Por el contrario, la historia de los países latinoamericanos es vergonzosa. Nuestras clases políticas eran incultas, poco emprendedoras, y cínicamente egoístas. La lucha por el poder, sin ningún tipo de recato, proliferó desde los primeros días de nuestras independencias.
Del Virreinato de la Nueva España, que iba desde Oregon hasta Nicaragua no quedaron sino retazos. El siglo XXI tampoco se muestra halagüeño. La pobreza y la injusticia, la incivilidad y el cinismo se desbordan en América Latina. Algo hemos hecho mal.

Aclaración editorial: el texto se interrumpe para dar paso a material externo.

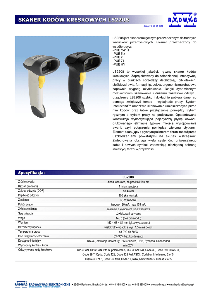 SKANER KODÓW KRESKOWYCH LS2208 data wyd. 05-01-2015 LS2208 jest skanerem ręcznym przeznaczonym do trudnych warunków przemysłowych. Skaner przeznaczony do współpracy z: -PUE C41H -PUE 5.x -PUE 7 -PUE 71 -PUE HY LS2208 to wysokiej jakości, ręczny skaner kodów kreskowych. Zaprojektowany do całodziennej, intensywnej pracy w punktach sprzedaży detalicznej, bibliotekach, służbie zdrowia, farmacji itp. Lekka, ergonomiczna obudowa zapewnia wygodę użytkowania. Dzięki dynamicznym możliwościom skanowania i dużemu zakresowi odczytu, urządzenie LS2208 szybko i dokładnie pobiera dane, co pomaga zwiększyć tempo i wydajność pracy. System Intellistand™ umożliwia skanowanie umieszczonych przed nim kodów oraz łatwe przełączanie pomiędzy trybem ręcznym a trybem pracy na podstawce. Opatentowana konstrukcja wykorzystująca pojedynczą płytkę obwodu drukowanego eliminuje typowe miejsca występowania awarii, czyli połączenia pomiędzy wieloma płytkami. Element skanujący z płynnym polimerem chroni moduł przed uszkodzeniami powstałymi na skutek wstrząsów. Zintegrowana obsługa wielu systemów, uniwersalnego kabla i nowych symboli zapewniają niezbędną ochronę inwestycji teraz i w przyszłości. Specyfikacja: Źródło światła Kształt promienia Zakres odczytu (DOF) Prędkość odczytu Zasilanie Pobór prądu Źródło zasilania Sygnalizacja Waga Wymiary Bezpieczny upadek Temperatura pracy Dop. wilgotność otoczenia Dostępne interfejsy Wymagany kontrast kodu Odczytywane kody kreskowe LS2208 dioda laserowa, długość fali 650 nm 1 linia skanująca do 43 cm 100 skanów/sek. 5,2V; 675mW typowo 130 mA, max 175 mA zasilanie z komputera lub z zasilacza dźwiękowa i optyczna 146 g (bez przewodu) 152 × 63 × 84 mm (gł. x wys. x szer.) wielokrotne upadki z wys. 1,5 m na beton od 0°C do 50°C 5%-95% bez kondensacji RS232, emulacja klawiatury, IBM 468X/9X, USB, Synapsa, Undecoded min 20% UPC/EAN, UPC/EAN with Supplementals, UCC/EAN 128, Code 39, Code 39 Full ASCII, Code 39 TriOptic, Code 128, Code 128 Full ASCII, Codabar, Interleaved 2 of 5, Discrete 2 of 5, Code 93, MSI, Code 11, IATA, RSS variants, Cinese 2 of 5 • 26-600 Radom ul. Bracka 28 • tel. +48 48 3848800 • fax. +48 48 3850010 • www.radwag.pl • e-mail:[email protected]

Buenos Aires luce destartalada, pero México está ensangrentado. Entre mis conocidos, ya van doce muertos por la violencia. No sé qué podemos hacer para salir adelante. Como lo he dicho, hago lo que puedo: escribir, criticar, aguantar críticas, pagar mis impuestos, cumplir con las leyes, estudiar para dar clases, y manifestar mi solidaridad con las víctimas de nuestra falta de civilidad.  Pero sé que no es suficiente.
Supongo que los extranjeros que visitan México, se referirán a nuestro país en términos tan críticos como lo míos respecto a Argentina. ¿Y les digo algo? No están del todo equivocados.